Lawren Harris Snow II 1915 Giclee Canvas Print | Group of Seven Art | Scandinavian Influence | Canadian Decorative Winter Landscape

$91.52

Shipping to United States: $59.49


Details

In January 1914, Lawren Harris and J.E.H. MacDonald stood in Buffalo's Albright Art Gallery before 165 Scandinavian landscape paintings and witnessed revelation. Gustaf Fjaestad's winter canvases — frozen brooks rendered with tapestry-like precision, snow-laden branches transformed into jewelled decoration, every snowflake "an actual bit of jewellery design" rather than "merely a suggestive dab of paint" — showed them what Canadian art could become. MacDonald's response was immediate: "This is what we want to do with Canada."

By 1915, Harris had answered that challenge.
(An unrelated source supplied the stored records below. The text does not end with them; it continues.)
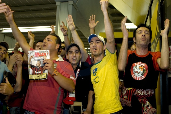 Druzyna AC Milan powraca do Wloch po zwycieskim meczu nad druzyna Liverpoolu, Mediolan
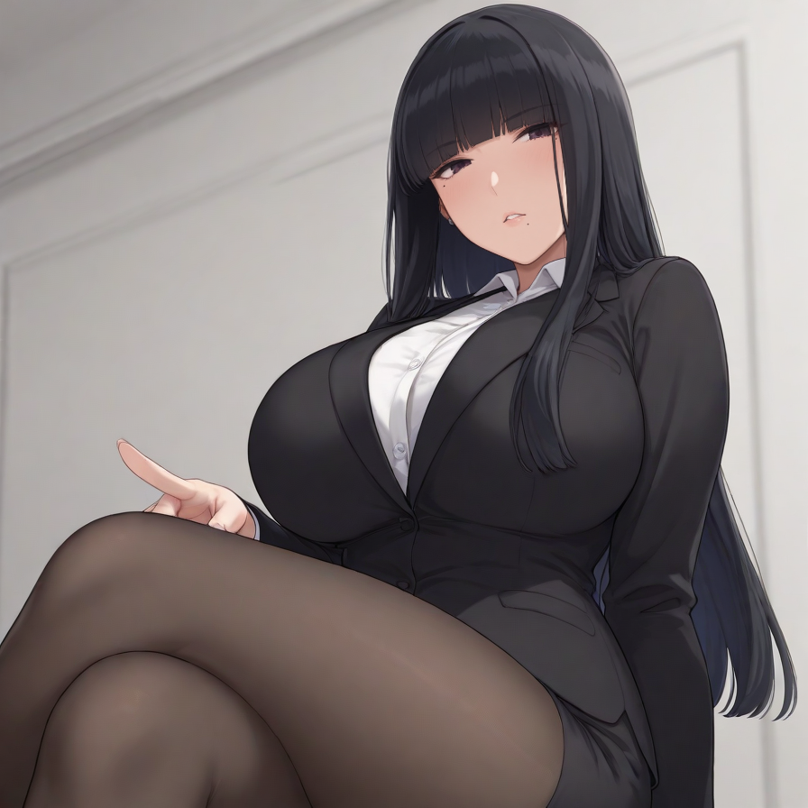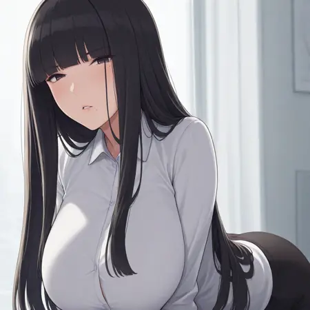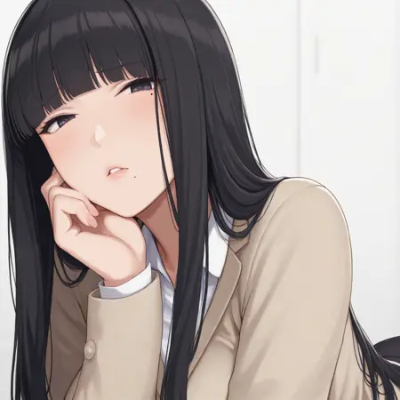 ,rika,hime cut,long hair,black hair,mole under eye,parted lips,mature female
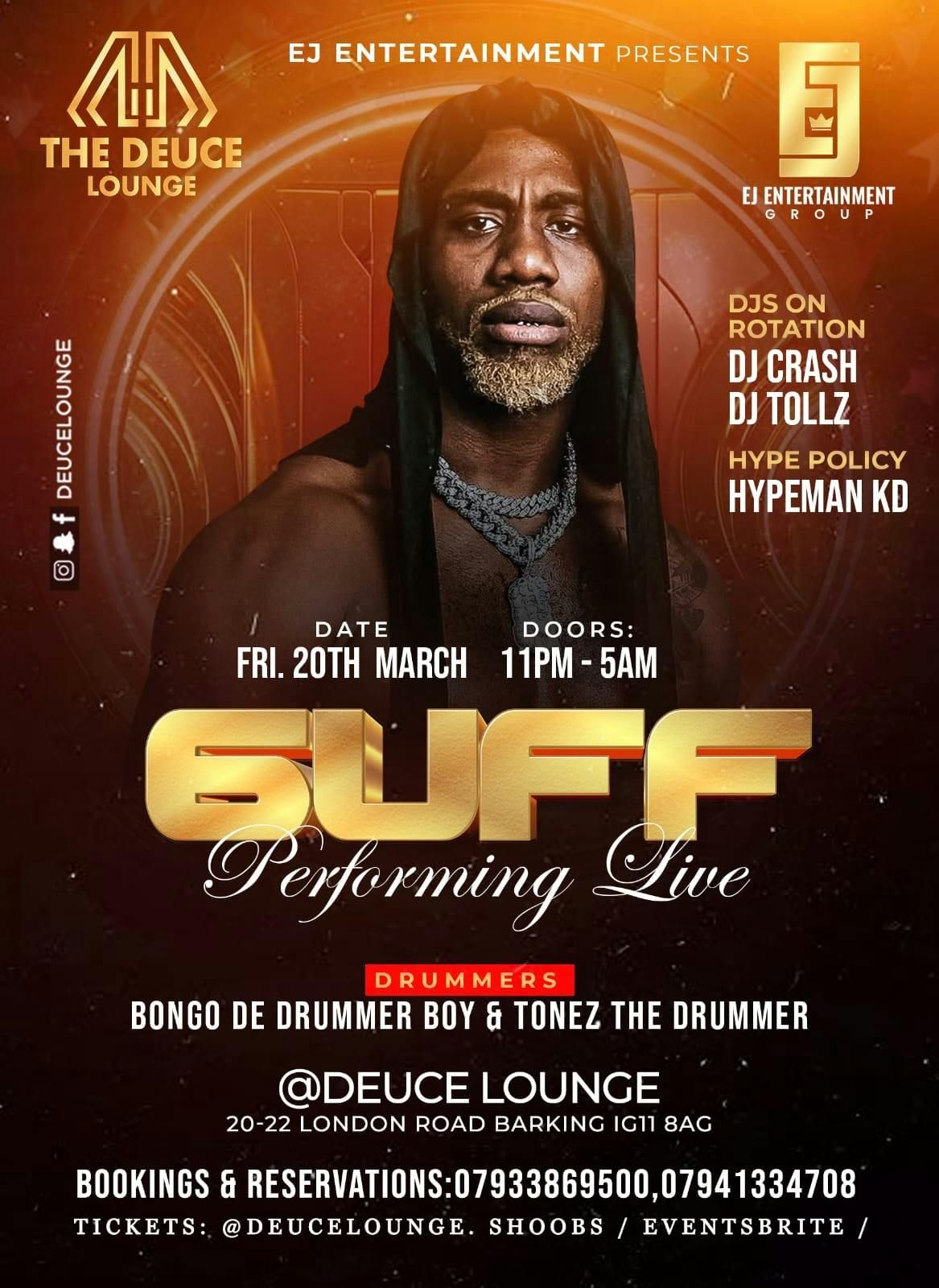 EJ ENTERTAINMENT GROUP Presents ….6UFF LIVE 20th March 2025Time- 10pm to 5amatDEUCE LOUNGE 20-22 london road .Barking .IG11 8AGfor more info and tables contact 07515167770or Dm us @ejents_groupDisclaimer:
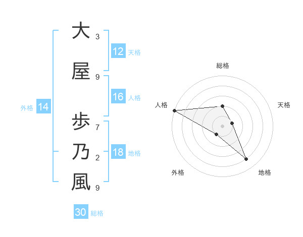 大屋 歩乃風さんを姓名の画数から五運を鑑定

Snow II represents his fullest realization of Scandinavian decorative principles applied to Canadian winter landscape — a near-square canvas measuring 120.3 x 127.3 centimetres that the National Gallery of Canada purchased in 1916, recognizing immediately that something revolutionary had arrived in Canadian painting.

The composition arranges a screen of snow-bound evergreen trees across the entire foreground — branches weighted earthward by accumulated snow, creating rhythmic arcs that emphasize the painted surface's two-dimensionality rather than receding naturalistic depth. Behind this decorative screen, the middle ground opens onto snow-covered terrain rendered in tranquil pinks, mauves, and pale blues. The sky glows robin's-egg blue streaked with pale clouds. Every element serves decoration over naturalism, pattern over illusion.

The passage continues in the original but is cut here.